Scientists at the University of Bath are developing optical fibres and building endoscopic devices designed to access the tiny airways deep within a person’s lungs, as part of a major project that aims to find effective treatments for patients with Covid-19.

Contributing to the rapid-response project, the University’s Centre for Photonics and Photonic Materials has produced an opening batch of 360 optical fibre-based endoscopic devices and is now testing them for safety. If the devices prove easy to sterilise and robust enough to introduce into a patient’s body, they will be produced in their hundreds, and sent to research collaborators at the University of Edinburgh.

The Edinburgh team of 150 scientists believes new therapies could be discovered and implemented before a vaccine becomes widely available by repurposing medicines for other conditions that are already in clinical use or are currently being tested.

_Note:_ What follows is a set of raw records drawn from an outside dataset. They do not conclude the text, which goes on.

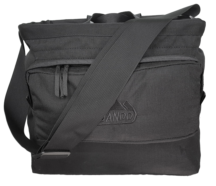 When not in use the bag can be folded up and secured out of your way by a pair of snaps on webbing tails. When you are ready to carry a load, be it groceries or briefcase, simply pop the snaps, attach the webbing tails to the snap heads on the back of the frame sheet to keep them out of your spokes, and load up.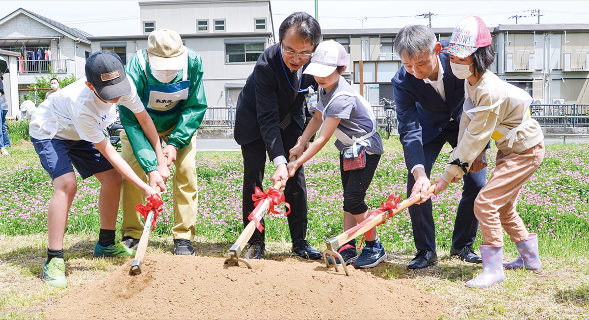 保土ケ谷区内に残る唯一の水田を利用して子ども向けの伝統農業体験教室などを行っている川島町の「ほどがや☆元気村」(青木毅村長)で4月20日、1年間にわたって米や野菜作りを学ぶ「どろんこ教室」の開村式が行われ、小学生や関係者が方豊作を願い鍬入れ式に臨んだ。
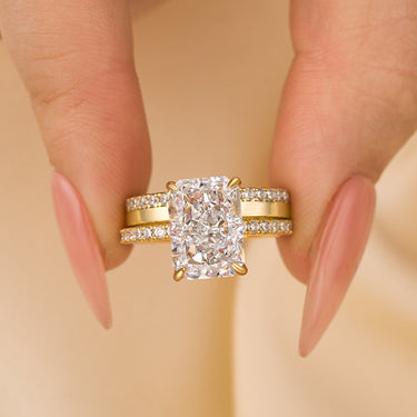 The 2PC Yellow Gold 4.5Ct Radiant Cut Wedding Ring Set with Wide Wedding Band is a stunning display of luxury and elegance. At the heart of the set is a brilliant 4.5ct radiant-cut center stone, whose dazzling facets create a captivating sparkle, perfectly complemented by the rich warmth of yellow gold. The wide wedding band, designed to enhance the center stone, features a sleek and polished finish, offering a bold yet refined look that adds both depth and sophistication to the set.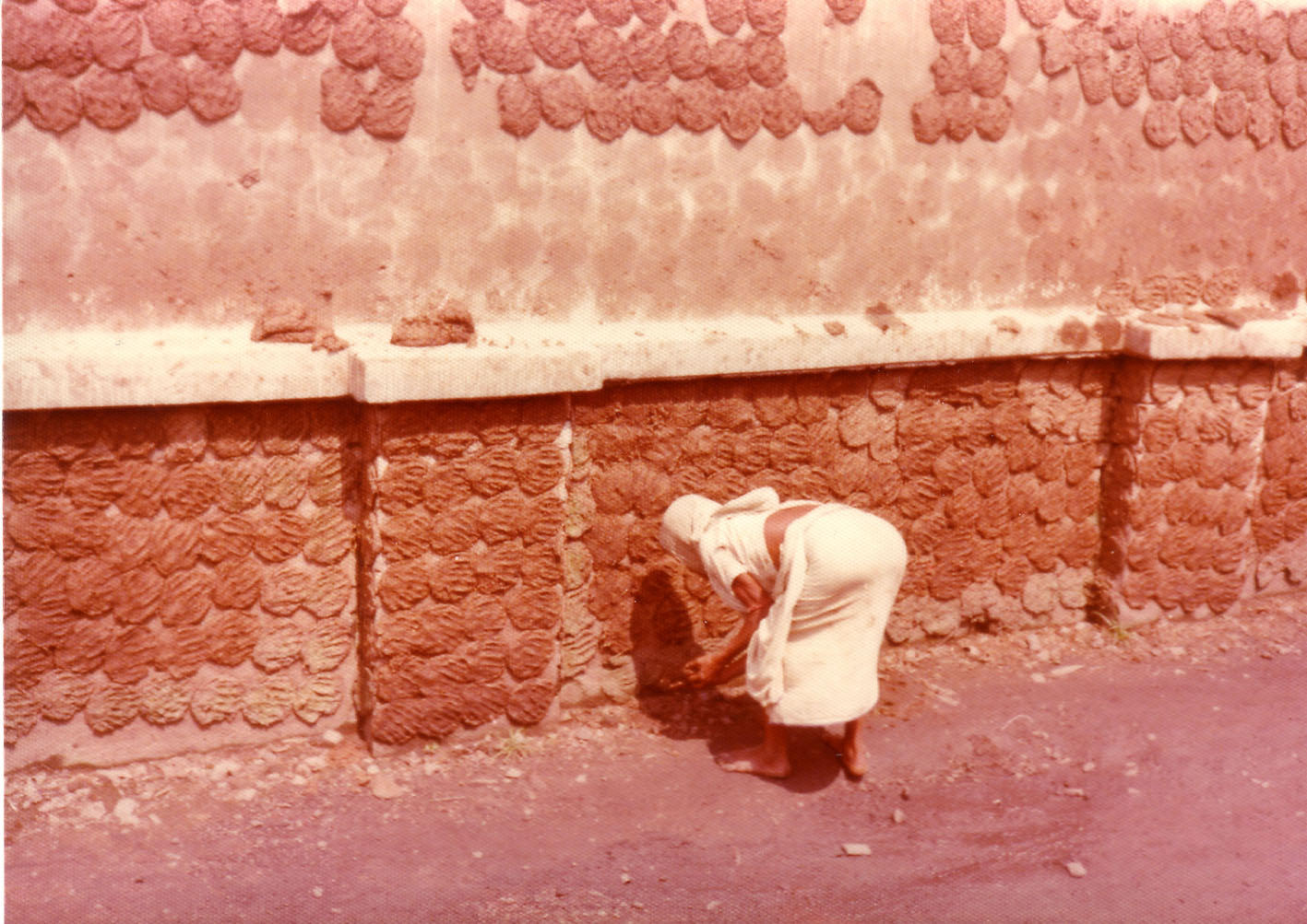 I took this snap in Calcutta way back in 1976 - an old lady recycling cowpats to be used as fuel for fires. Note the clever use of (free) solar power. |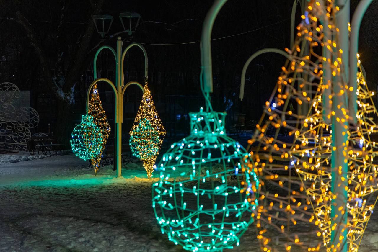 Парк Пионеров украшает арка-сердце, а парк имени Дзержинского — светодиодный фонтан и инсталляция «Новогодние шары». Аналогичная инсталляция из шаров расположена в парке Героев Гражданской войны. В парке КЗТЗ размещён пряничный Домик Деда Мороза, а также светодиодная арка.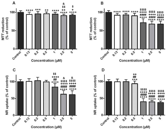 Mitochondrial and lysosomal dysfunction evaluated by the 3-(4,5-dimethylthiazol-2-yl)-2,5-diphenyl tetrazolium bromide (MTT) reduction assay (A,B) and the neutral red (NR) uptake assay (C,D), respectively, in differentiated H9c2 cells incubated with 0.13, 0.2, 0.5, 1, 2.5 and 5 μM of doxorubicin (DOX) for 24 (A,C) and 48 h (B,D). Results are presented as mean ± SD of 6–7 independent experiments (total of 30–42 wells). Statistical analyses were performed using the ANOVA test, followed by the Tukey’s post hoc test (A,B,D) and the Kruskal–Wallis test, followed by the Dunn’s post hoc test (C) (** p < 0.01, *** p < 0.001, **** p < 0.0001 vs. control; ## p < 0.01, #### p < 0.0001 vs. 0.13 µM; + p < 0.05, ++ p < 0.01, ++++ p < 0.0001 vs. 0.2 µM; $ p < 0.05, $$ p < 0.01, $$$$ p < 0.0001 vs. 0.5 µM; & p < 0.05 vs. 1 µM).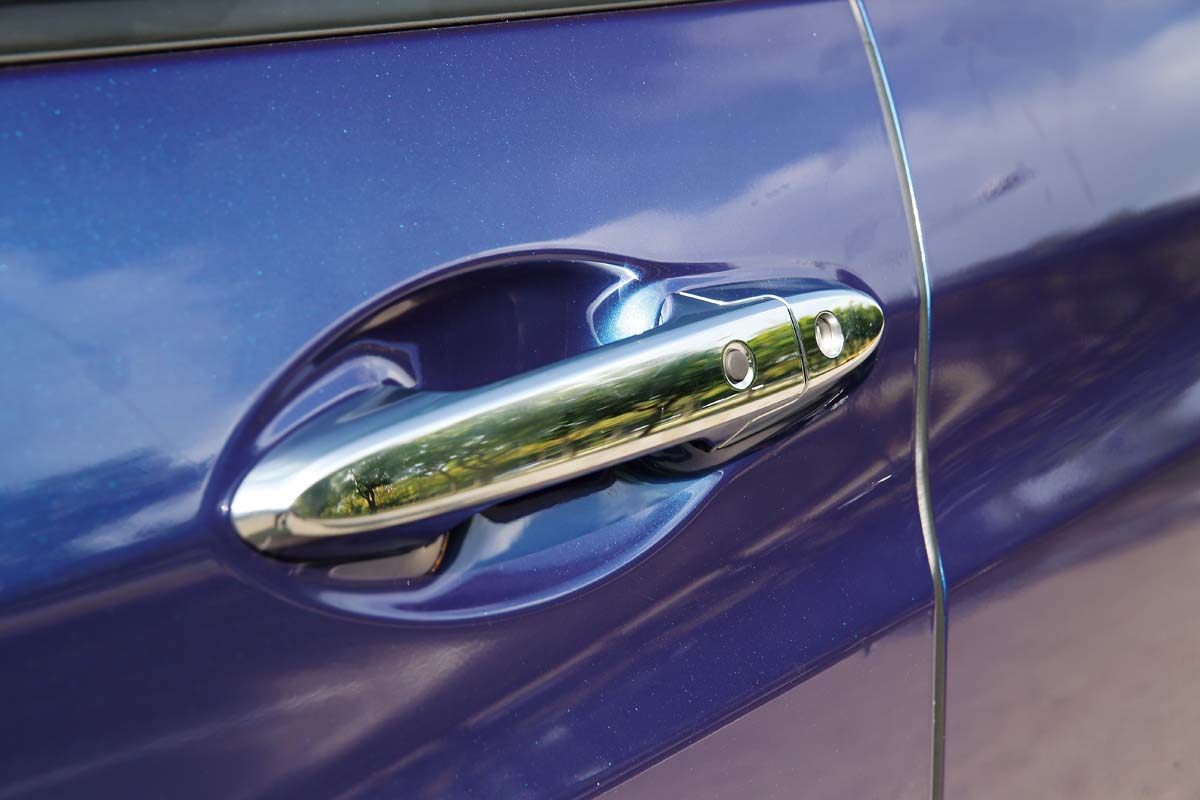 | 整合在後車窗的隱藏式把手,搭配S版前車門白金色鍍鉻把手,令人想起大詩人杜甫的飲中八仙歌:皎如玉樹臨風前。 |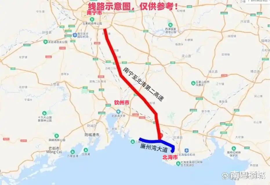 G7522贵阳至北海高速公路南宁至北海段,是国家高速公路网兰州—海口高速公路(G75)的重要并行线,也是《国家综合立体交通网规划纲要》和《广西高速公路网规划(2018-2030年)》中"纵10线"的关键组成部分。该项目被俗称为"南宁至北海第二高速公路"。项目主线全长约153公里,其中新建里程138.67公里,同步建设南宁市入城段2.5公里。路线起于南宁市邕宁区州同村附近,总体沿西北往东南方向布设,依次经过南宁市邕宁区、钦州市钦北区、钦南区、北海市合浦县,终点位于合浦县烟楼村西南侧,顺接廉州湾大道。

Dr Jim Stone, research fellow at Bath’s Department of Physics and a member of the photonics team, said: “The endoscopic devices we produce contain our cutting edge optical fibre technology and are very small – around 1.4mm in diameter – so they can reach parts of the lungs that are usually very hard to access. Once an endoscope has reached the (deep and tiny) distal airways, we can take samples of lung fluid for analysis or introduce a trial drug.”

Optical fibres included in the endoscopes transmit microscopic images, providing researchers with real-time microscopic images from deep within the lungs at the exact location where drugs are delivered, or fluids are sampled.

Dr Stone said Bath was in a strong position to fine-tune its existing optical fibres and devices to fulfil the requirements of the coronavirus project. “We’ve been making fibres to address clinical needs for six years,” he said. “It’s a matter of adapting the work we’ve been doing on bacterial infections to focus on viruses instead.”

He added: “My experienced research team are refocusing all of their efforts on Covid-19 enabling us to develop and produce all the devices needed by our clinical collaborators in Edinburgh.”

The project – STOPCOVID – will focus on the inflammatory pathways that lead directly to lung injury, a response associated with the most severe aspects of Covid-19.

Inflammation is important in fighting infection but in the case of Covid-19, excessive inflammation is causing the lungs to fail, in some cases leading to death.

Researchers will test drugs to see if they can block this and other damaging types of inflammation in the early stages of the disease to change the course of infection and prevent the need of a ventilator.

STOPCOVID has secured £2 million funding from LifeArc, a medical research charity. It aims to raise a total of £15 million from the private sector. Discussions are continuing with other potential partners.

The team is already collaborating with scientists from pharmaceutical companies from across the world and has already identified key drugs and mechanisms that are currently in development or are being used for other diseases.

STOPCOVID will be based at Edinburgh BioQuarter, which will unite interdisciplinary scientists from the Centre for Inflammation Research, clinical research teams in NHS Lothian and University of Edinburgh, regulatory teams, and clinical trial networks.

Such close proximity will allow close and immediate collaboration, researchers say. Drug manufacturing facilities on site will allow for quick testing of potential treatments.

The Medicines and Healthcare products Regulatory Agency (MHRA) have agreed to work closely with the team to fast track any potentially successful work while following due diligence. Any drugs that provide positive early results will be rolled out as part of national and international clinical trials through UK Trials Platform.

This approach could have a beneficial impact on millions of people who are affected worldwide, experts say. It could be a significant boost for low and middle income countries where people do not have access to intensive care and ventilation facilities.

Funding for the project will cover trial and clinical costs, data analyses and scaling up testing of drugs that show promise.

Professor Kev Dhaliwal, STOPCOVID lead and Consultant in Respiratory Medicine at the University of Edinburgh, said:  “Covid-19 is the biggest global challenge of a generation. By developing new therapies that stop the inflammatory cascade associated with the most severe aspect of the disease – leading ultimately to respiratory failure – we can prevent the need for a ventilator. We must unite together, across sectors, across disciplines, across continents to tackle the devastating effects of this virus as fast as possible.”